Merci pour ce moment suspendu. Mon attention et mon émotion ont été d’emblée mobilisées par votre texte. Et elles se sont maintenues jusqu’à la fin. De très belles images, des trouvailles poétiques. Bravo, danielle
« Du vert à vous badigeonner un printemps sans fête ! »
J’ADORE CETTE PHRASE . ELLE VA COLORER MA JOURNEE
« J’avais déjà un avis sur la couleur des choses »
TRES BONNE IDEE CETTE REPRISE POUR PONCTUER LE TEXTE
J’ai voulu cette répétition pour donner plus de force à mon texte. Merci sincèrement.
Très beau texte qui nous replonge tous dans des évènements plus ou moins similaires vécus pendant notre enfance.

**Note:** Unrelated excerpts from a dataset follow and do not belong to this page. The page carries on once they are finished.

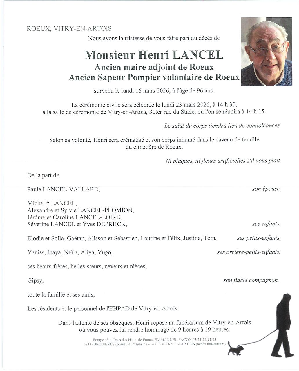 Monsieur Henri, Marcel, Joseph LANCEL
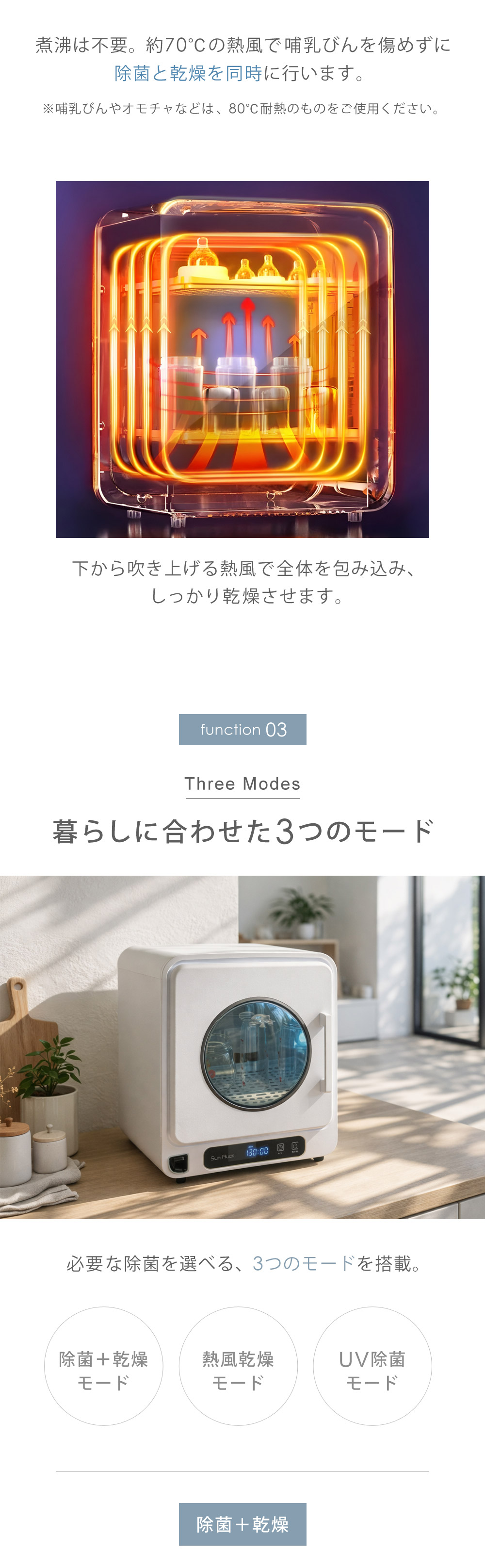 煮沸は不要。約70℃の熱風で哺乳びんを傷めずに除菌と乾燥を同時に行います。
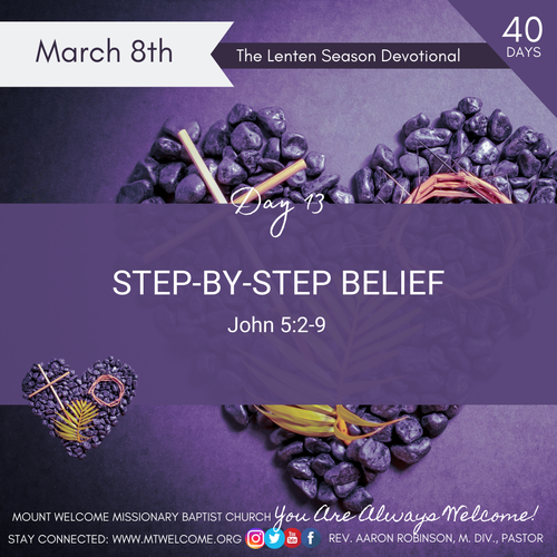 As we journey through this Lenten season, we must continue our personal relationship with God! We must believe that Jesus Christ is our savior and have faith by taking the first steps of obedience, repenting of sin, and turning our life over to his control and power to change our life.
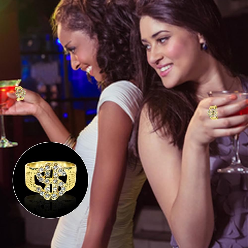 【Easy to Wear and Comfortable Fit】 - The dollar necklace chain is adjustable, allowing you to customize the length to suit your preferences. The fake gold necklace is high polished finish and smooth .The finger ring is one-size-fits-all, making it easy to wear for most people. The hip hop sunglasses feature comfortable, lightweigt . The lightweight design of each accessory means you can wear them without feeling weighed down, making it perfect for performances, parties, or daily wear.
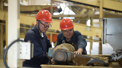 (张慕峰(右)带领罗幅元(左)正在修理故障机器)
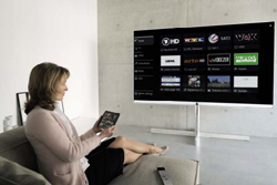 L’application Loewe « Smart tv2move » transforme la tablette en second écran pour regarder la télévision en direct (avec le TV allumé ou en veille), 2 chaînes en simultané (une sur le TV, une autre sur la tablette) ou les enregistrements disponibles dans le TV.
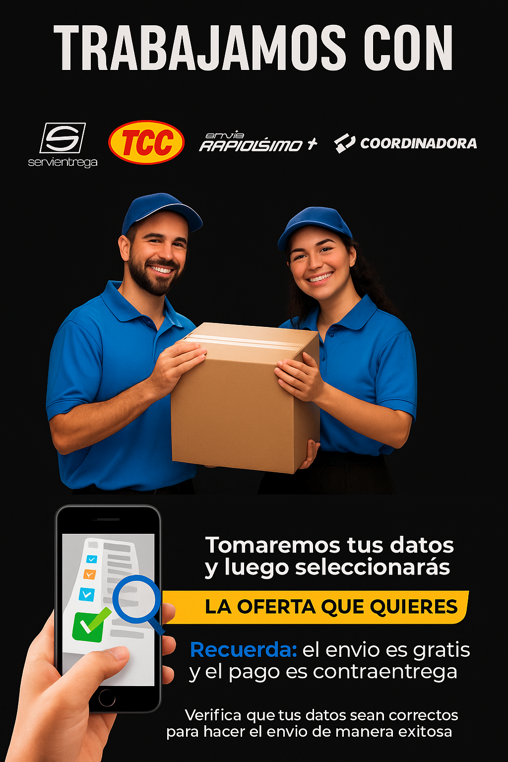 Manejamos envíos gratis con servicio pago contra entrega a todo el país nuestro tiempo de entrega es de 2 a 4 Días Hábiles recuerda tener el dinero completo en EFECTIVO en el momento de la entrega Para que no tengas novedades con la recepción de tu pedido
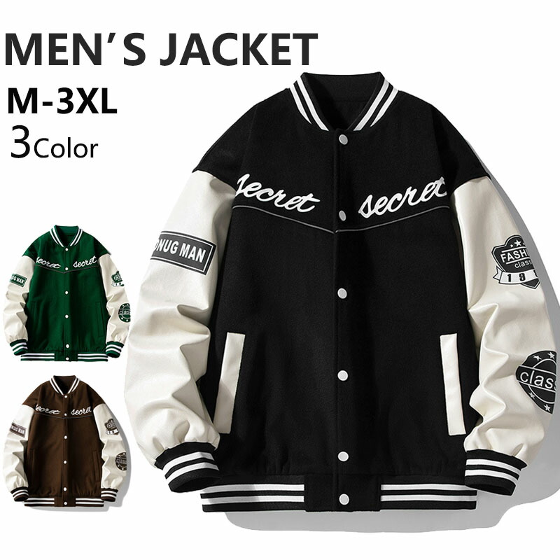 メンズ ワッペン 暖かい 中綿ジャケッ コート ジャケット 新作 ブラック グリーン コーヒー M L XL 2XL 3XL
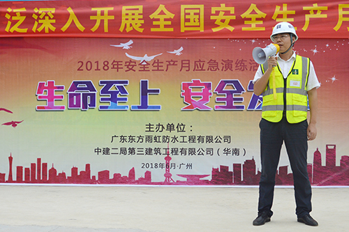 6月15日,廣東東方雨虹聯(lián)合中建二局第三建筑工程有限公司(華南)共同主辦的2018年安全生產(chǎn)月應(yīng)急演練活動(dòng)在廣州信達(dá)金茂廣場(chǎng)項(xiàng)目成功舉辦。廣東東方雨虹質(zhì)安、項(xiàng)目管理人員及項(xiàng)目現(xiàn)場(chǎng)各單位項(xiàng)目經(jīng)理、施工員約100余人參與本次活動(dòng)。
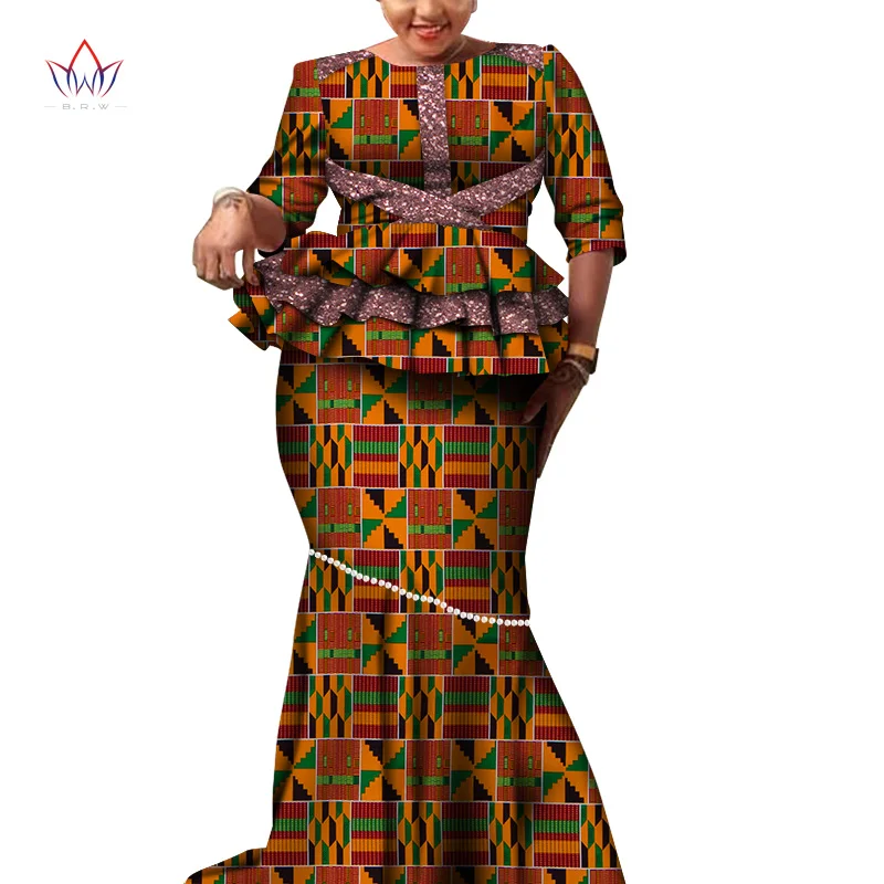 African Long Sleeves Print Tops and Skirt Sets for Women Bazin Riche African Clothing 2 Pieces Skirt Set Peals Customize WY6113
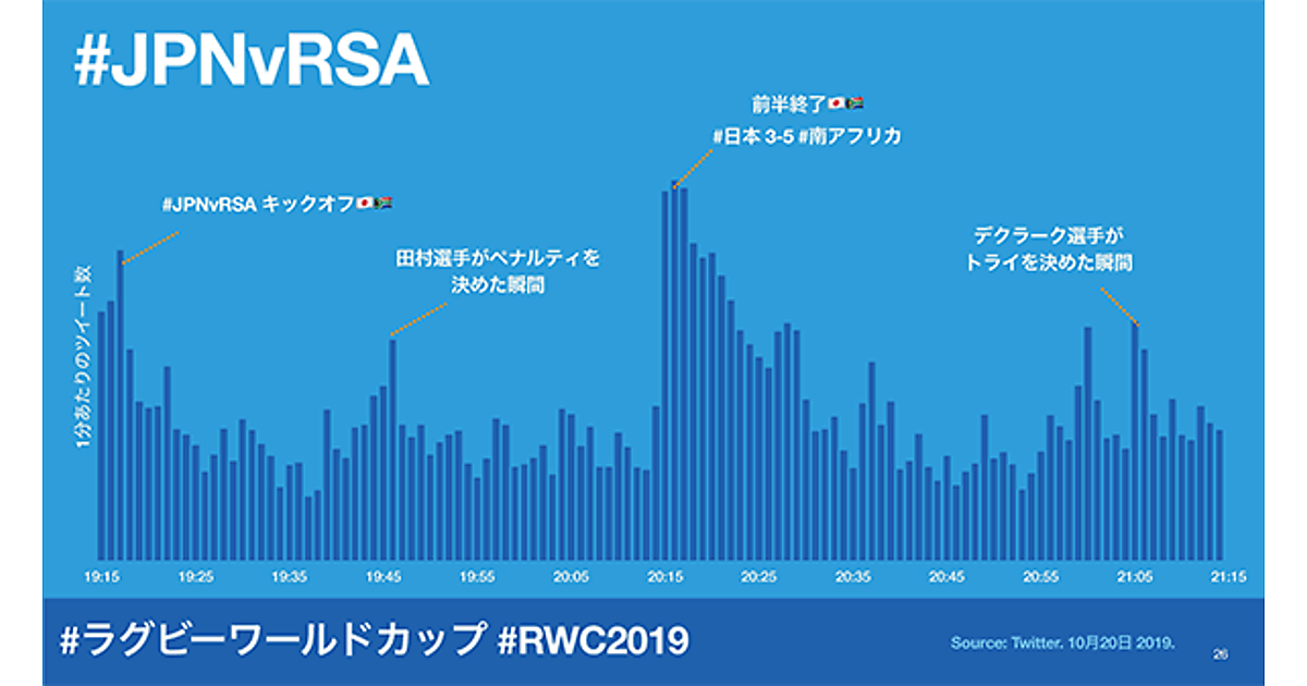 まず、試合が盛り上がった瞬間に素早くコンテンツを投稿すること。日本対南アフリカの試合では、キックオフ、ペナルティを決めた瞬間、トライを決めた瞬間などの他、ハーフタイムでも1分あたりのツイート数が多くなったという。RWC日本語版公式アカウントは、このツイート数が多くなる瞬間の出来事から、わずか1、2分でコンテンツを配信。ユーザーの会話を盛り上げた。

Quant à Jean Marc, il rêve, il somnole, il est plongé dans les mystères du papier de sa chambre. Chut !!!
Merci sincèrement.
Bonjour, très joli texte, sensible et qui nous ramène à l’enfance et à ses « grosses » peines. Pourquoi ne pas essayer de l’écrire au présent : c’est une « astuce » soufflée un jour par Pascal qui donne au texte un aspect encore plus vivant. Mais ce n’est qu’une suggestion. Bravo et merci de l’avoir partagé. Christine
Merci pour votre commentaire Christine et aussi du conseil.
bonjour,
Votre texte est très beau. La surprise qu’avait voulu vous faire et qui vous fait venir les larmes au lieu de la joie Une chambre est un refuge ou les parents n’ont pas leur place. Je suis fille unique et ce lieu était vital pour moi. J’écris depuis l’âge de 16 ans et j’avais besoin de ce lieu qui a tout vu : mes joies, mes peines . Heureusement pour moi, mes parents ne m’ont jamais ce coup là.

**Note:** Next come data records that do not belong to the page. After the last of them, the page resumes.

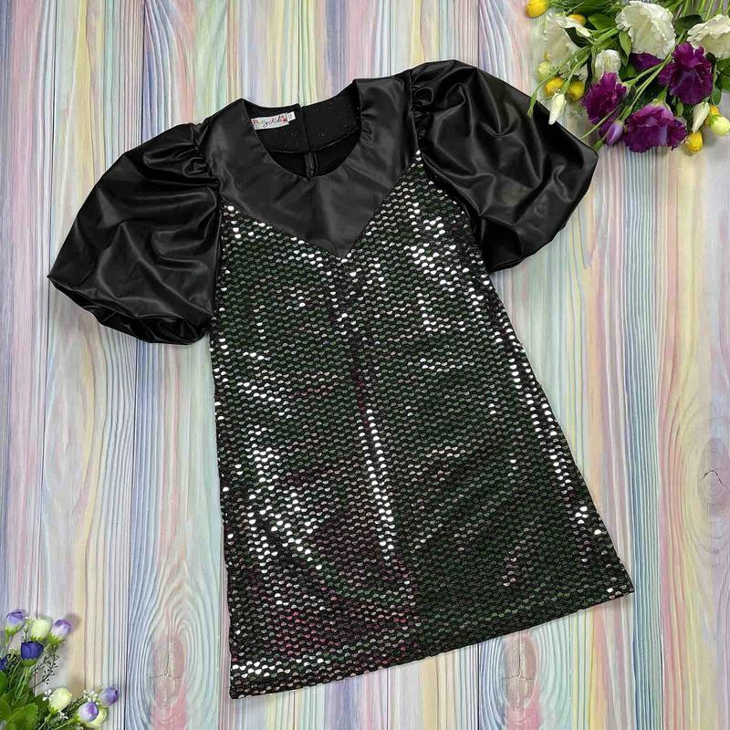 Шикарне плаття для модняшок ♥️ Тканина екошкіра масло + декоративна паєтка на маслі, тканина не колеться, Шикарний модний рукав Заміри: Довжина/пог 140 - 68\35 - 2 146 - 70\37 - 1 152 - 74\39 - 1 158 - 78\41 - 2 мар сашулт
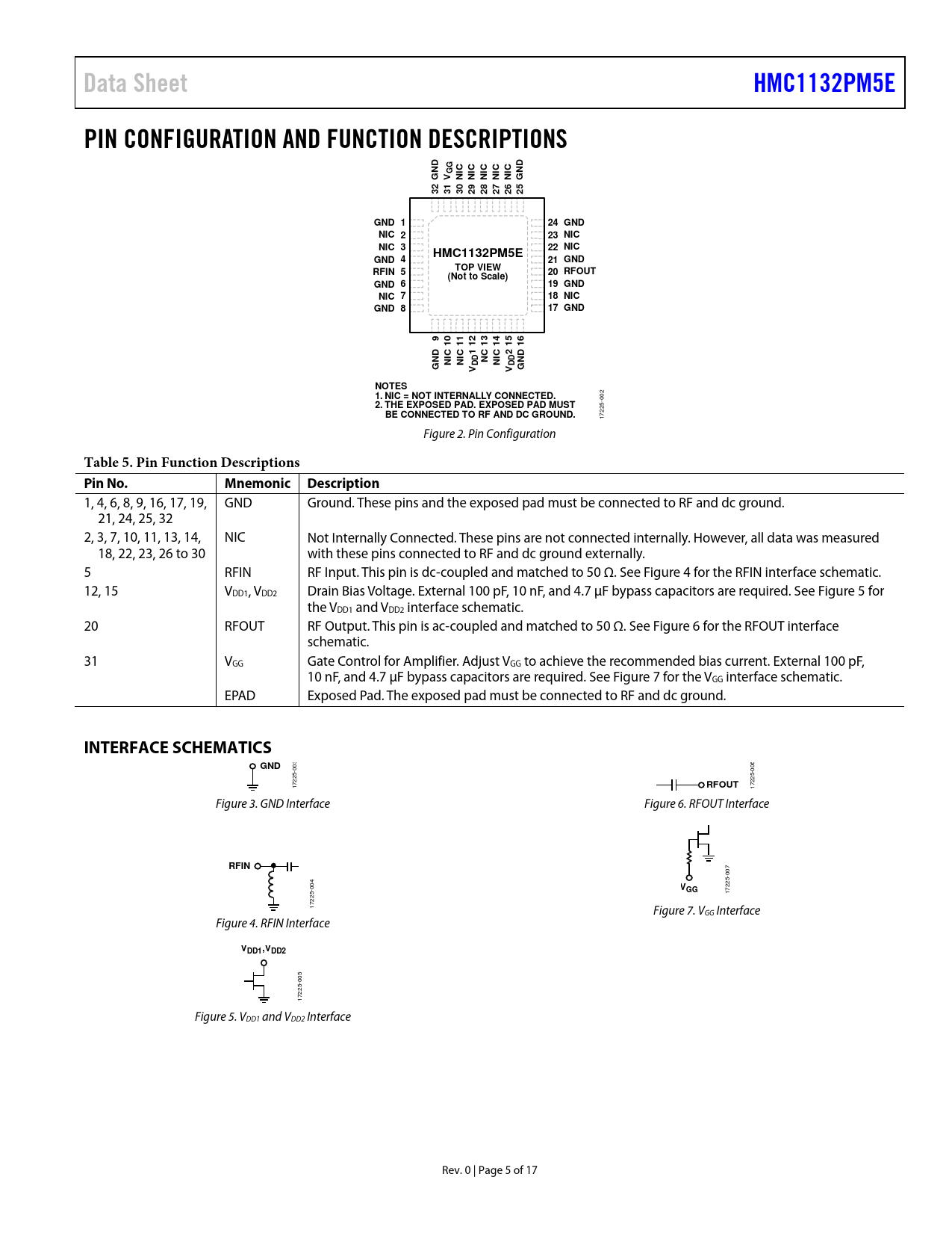 Pages / Page17 / 5 — Data Sheet. HMC1132PM5E. PIN CONFIGURATION AND FUNCTION DESCRIPTIONS. GND …
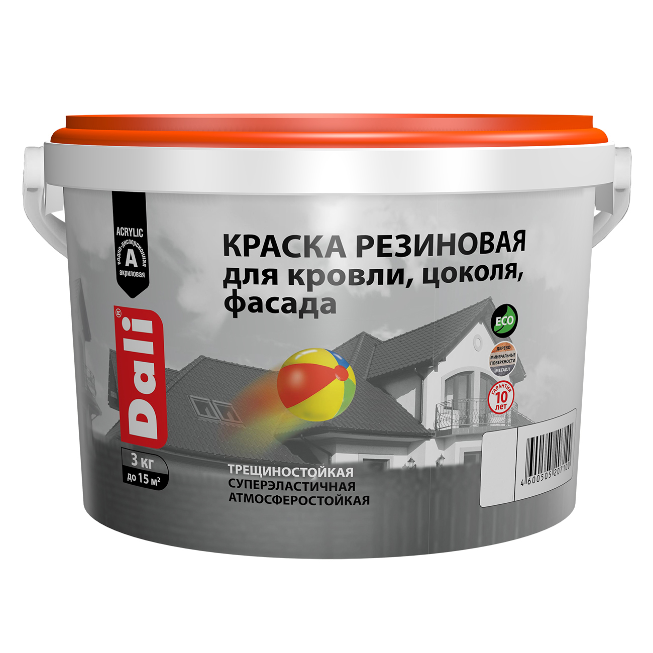 Краска DALI Резиновая предназначена для защитно-декоративного окрашивания крыш, фасадов, цоколей, а также стен и потолков в жилых и общественных помещениях, включая объекты с повышенной влажностью, неотапливаемые и подверженные образованию трещин.

Mais je trouve bien amusant la petite revanche que vous avez eu et imagine leur consternation en voyant les modifications que vous avez peint.
Mireille
On n’avait pas droit de parole. Mais… Merci Mireille.
Alors, Jean-Marc? Pas encore levé?
Bonjour Colette
Vraiment, rien à dire sur votre texte! J’ai trouvé ce texte très joli, il m’a tenue d’un bout à l’autre, je le trouve bien écrit. Toutes ces rêveries que vous trouviez dans l’ancien papier peint me ravissent. Ce petit drame (mais grand pour cet enfant!)est décrit sobrement.

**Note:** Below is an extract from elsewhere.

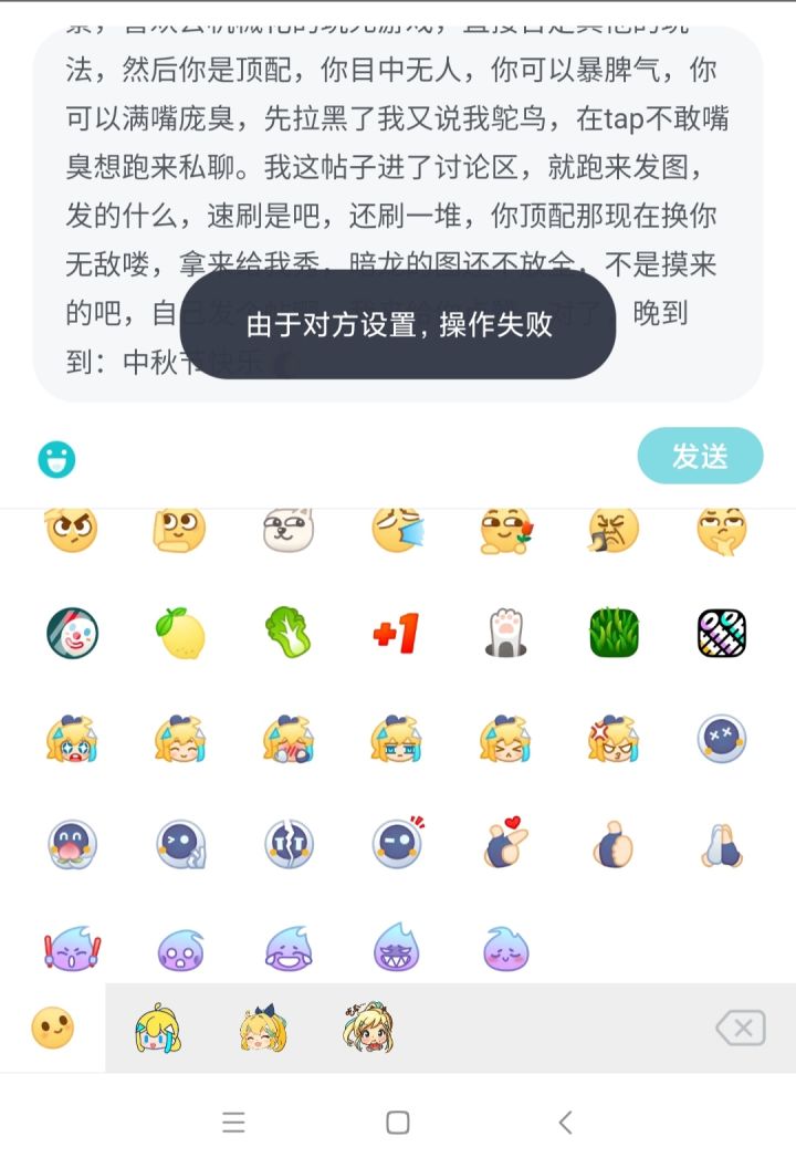 这次直接发讨论区好了。抱歉玩的有点晚,来迟了,终究还是第二次拉黑,被他口中的精神胜利法给精神胜利了老哥中秋节快乐哈我也不拉黑你,没看到就偷着乐吧。

Votre texte me plaît beaucoup.
De plus qu’il me ramène à ma chambre d’enfant, que je partageais avec ma soeur: il y avait du papier à petites fleurs roses, de la moquette rose, des couvre-lit roses. J’ai aujourd’hui 46 ans, je déteste toujours autant le rose!!!
C’est vraiment du vécu! Je ne vous dis pas la suite, la punition! Merci pour votre commentaire.